P04-26. Immunological tolerance prevents the expression of a broadly reactive neutralizing HIV-1 antibody

Developing a safe and effective HIV-1 vaccine has been hampered by the inability to design immunogens that can induce antibodies capable of potently neutralizing diverse HIV-1 strains. Despite the recognition of conserved HIV-1 envelope (Env) regions by rare, broadly neutralizing antibodies, these regions fail to induce protective antibodies when used as immunogens or in the context of natural infections.
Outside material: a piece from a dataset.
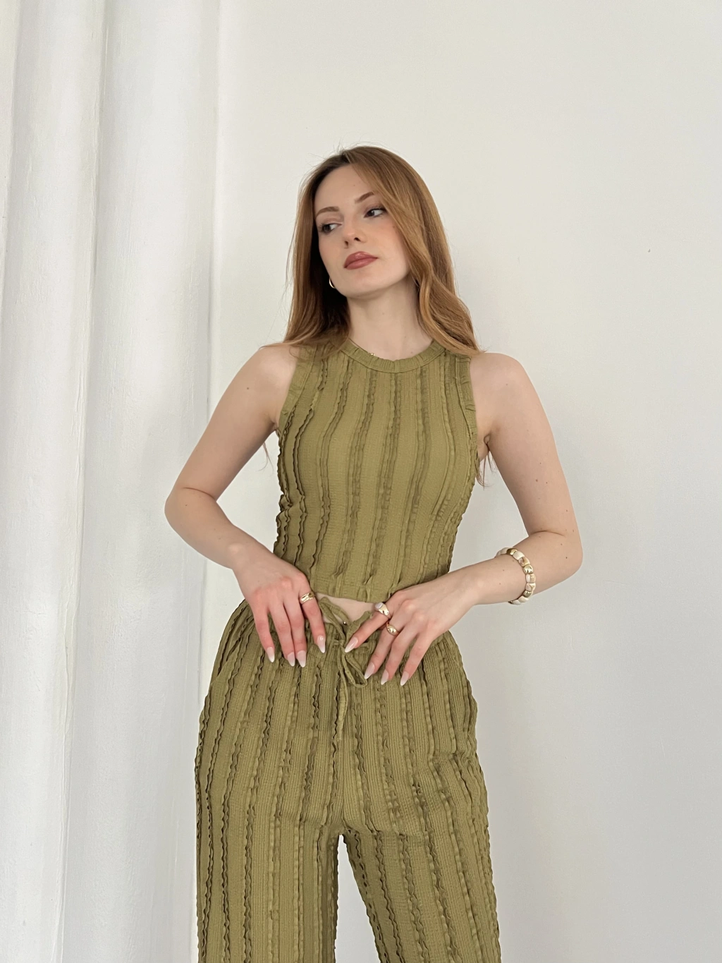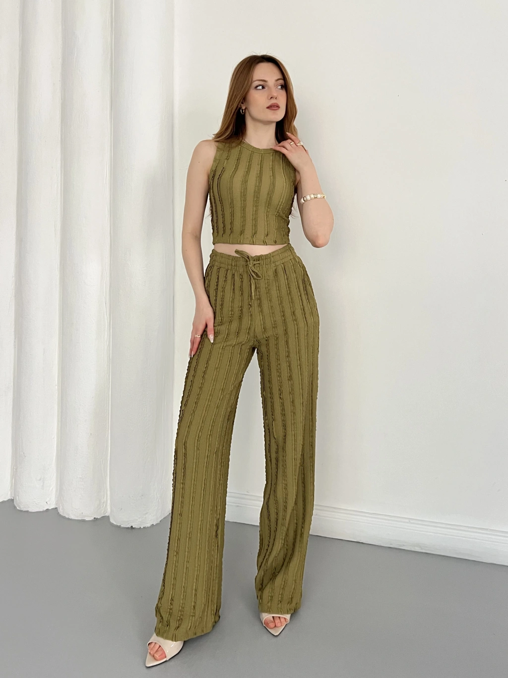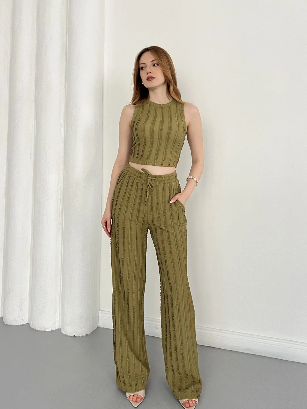 Gofre Kumaş Ters Dikiş Halter Yaka Takım Yeşil

Various hypotheses have been offered to explain the absence of an effective immune response to Env determinants, including the suppression of this response by immunological tolerance. This hypothesis arose from the observation that broadly neutralizing HIV-1 antibodies can cross-react with self-antigens.
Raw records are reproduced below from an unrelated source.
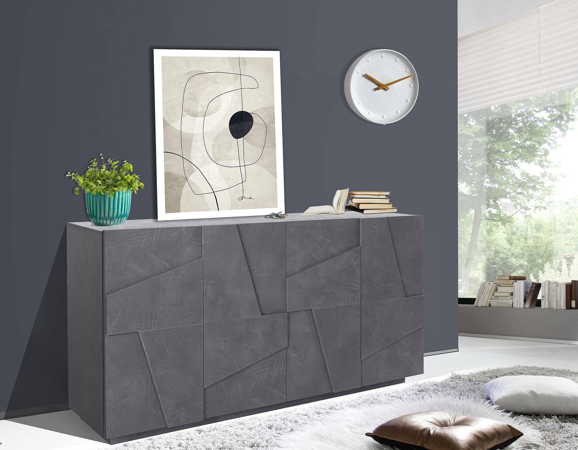 Buffet Dlanzar, Buffet de cuisine 4 portes, Buffet de salon, 100% Made in Italy, 162x44h86 cm, Ardoise
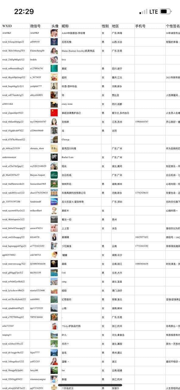 可以提取的信息有好友的ID、微信号、头像、昵称、地区
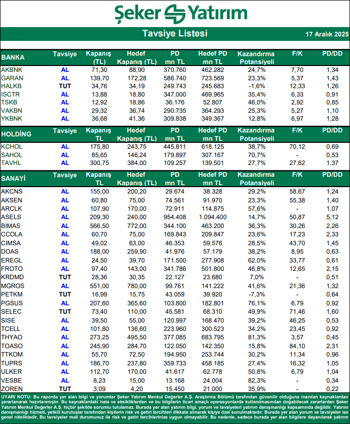 Kaynak: Şeker Yatırım Tavsiye Listesi
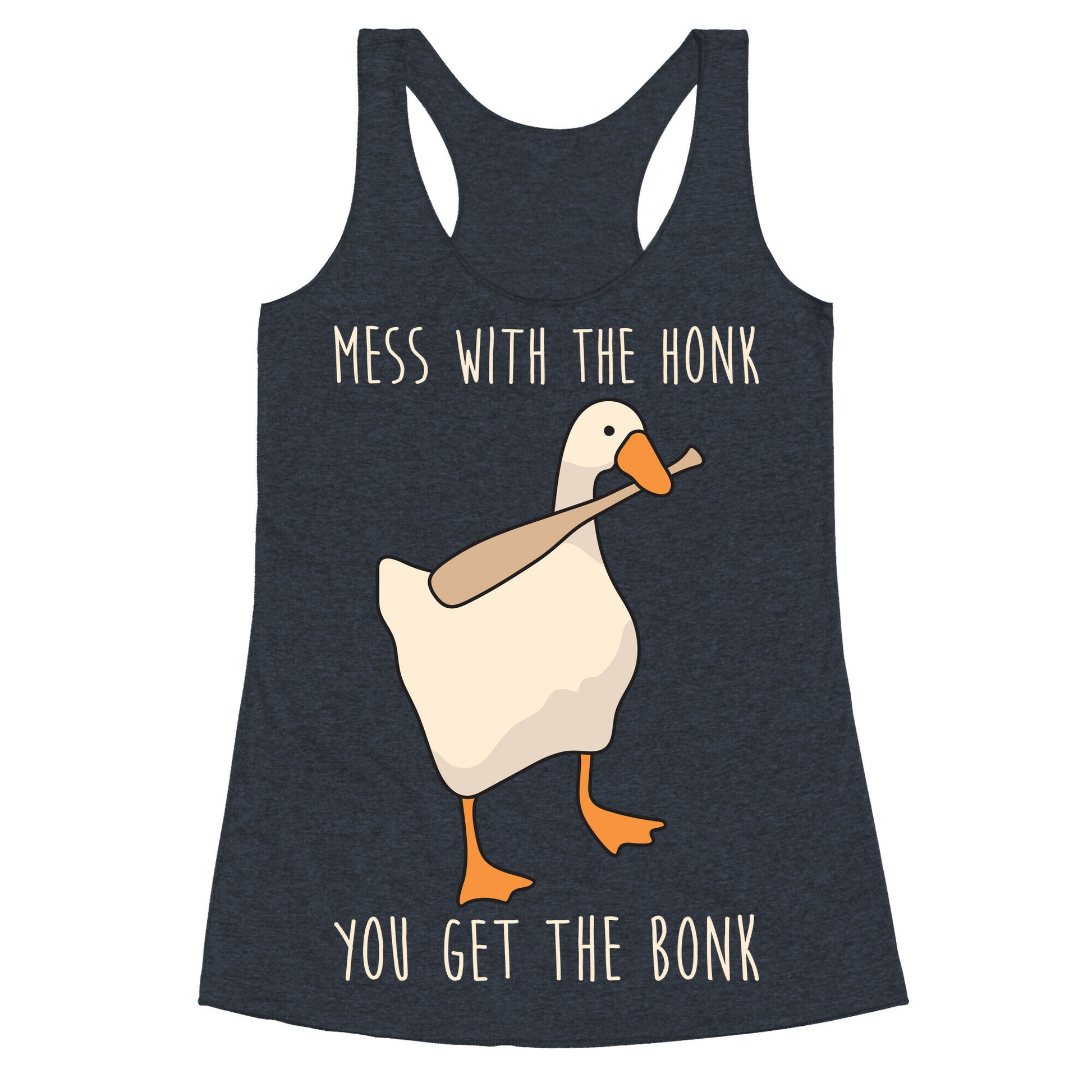 I've got my bat and I'm ready to attack! Be left alone with this, "Mess With The Honk You Get The Bonk" funny goose design with a goose holding a bat illustration. Perfect for being a rude goose, sassy animals, and not being messed with!Our super comfortable Women’s Raw Edge Racerback features a soft tri-blend, unhemmed fabric, with a fashionable bell-like shape for the bottom. Preshrunk for your convenience! Printed in the USA. Made with 50% Polyester 25% Ring Spun Cotton, and 25% Rayon.
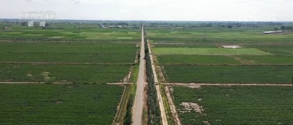 2017年,巴彥淖爾市規(guī)劃了484萬(wàn)畝鹽堿化耕地“改鹽增草(飼)興牧”示范工程,拉開了全市改良鹽堿地的序幕。通過(guò)大規(guī)模土地整理,愛(ài)國(guó)村零散的土地被整合了起來(lái)?,F(xiàn)在行走在愛(ài)國(guó)村的田間地頭,遠(yuǎn)看路相連、渠相通、溝配套。近看有新的發(fā)現(xiàn),在地下40公分的位置,鋪設(shè)了一層秸稈,鹽隨水來(lái)、隨水去。在水分向上蒸發(fā)的同時(shí),能保證鹽分被阻攔在秸稈下面,這個(gè)被稱為“上膜下秸”技術(shù)。而對(duì)于重度鹽堿地,當(dāng)?shù)卦诘叵?.8米的位置,每隔50公分鋪設(shè)了一些排水管道,能保證地下的水分隨時(shí)通過(guò)這些管道流到排水井里,最大程度地讓作物不受傷害,耕地質(zhì)量提高1—2個(gè)等級(jí)。
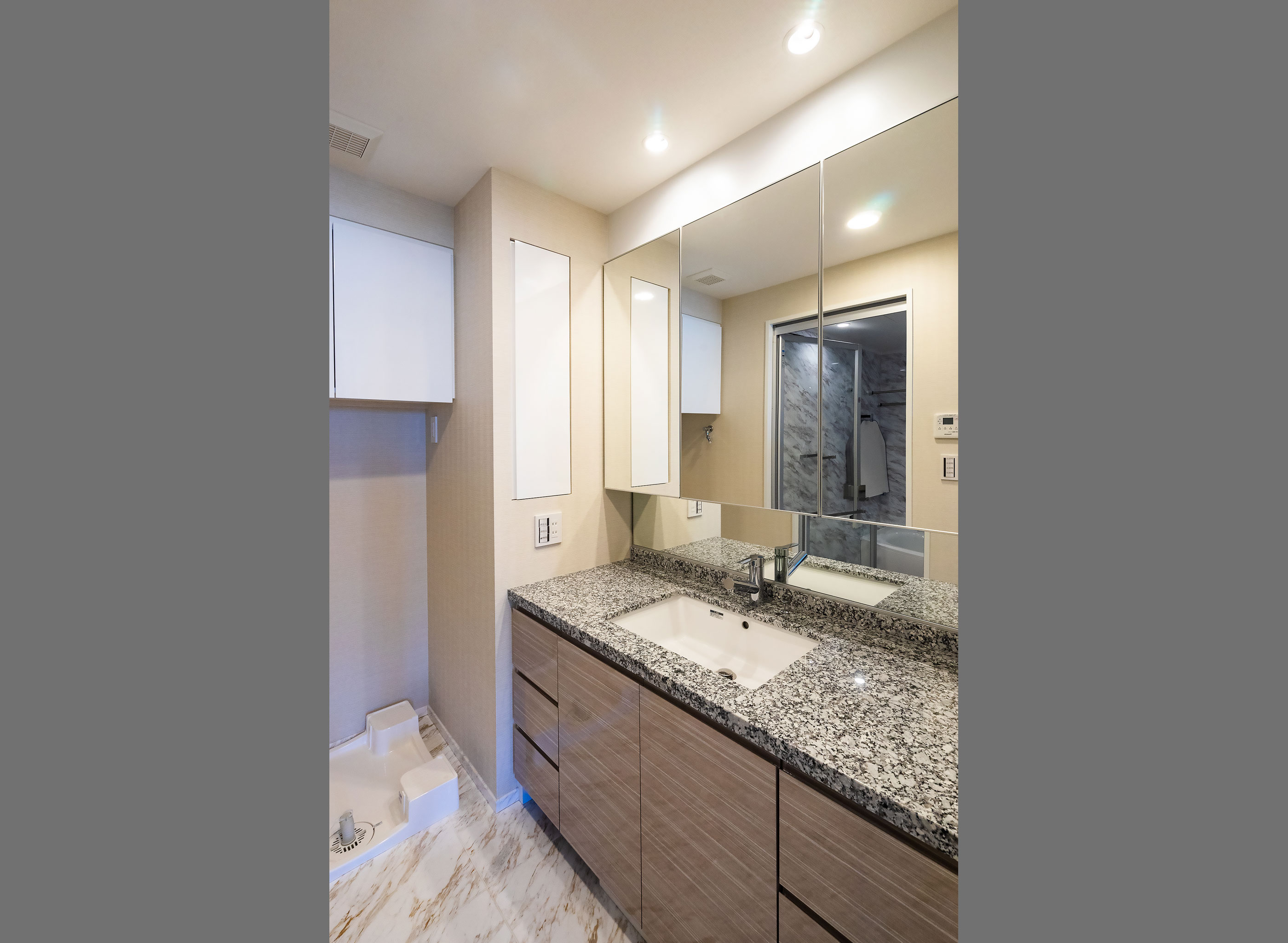 シューズインクロゼット等の豊富な収納 - トップとサイドに天然石を設えた
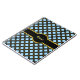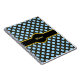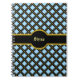 Elegant black and golden diamond pattern on turquoise background Notebook. Shine text can be customized.

To test the tolerance hypothesis, we generated a knock-in mouse strain, 2F5 V_H, in which the immunoglobulin (Ig) heavy chain variable region rearrangement (V_HD_HJ_H) of the broadly neutralizing human antibody 2F5 was targeted into the J_H cluster of the mouse Igh locus.

In vitro, chimeric human/mouse 2F5 antibodies were functionally equivalent to the human 2F5 antibody. In vivo, the 2F5 V_H insertion resulted in a profound B cell developmental blockade in the bone marrow with >80% loss of immature B cells. Furthermore, both 2F5 and 2F5 mice lacked serum reactivity to cardiolipin and nuclear antigens, yet had detectable, albeit severely diminished, mature splenic B cell populations. In 2F5 mice, the majority of remaining mature splenic B cells used endogenous heavy chains, indicating loss of effective allelic exclusion.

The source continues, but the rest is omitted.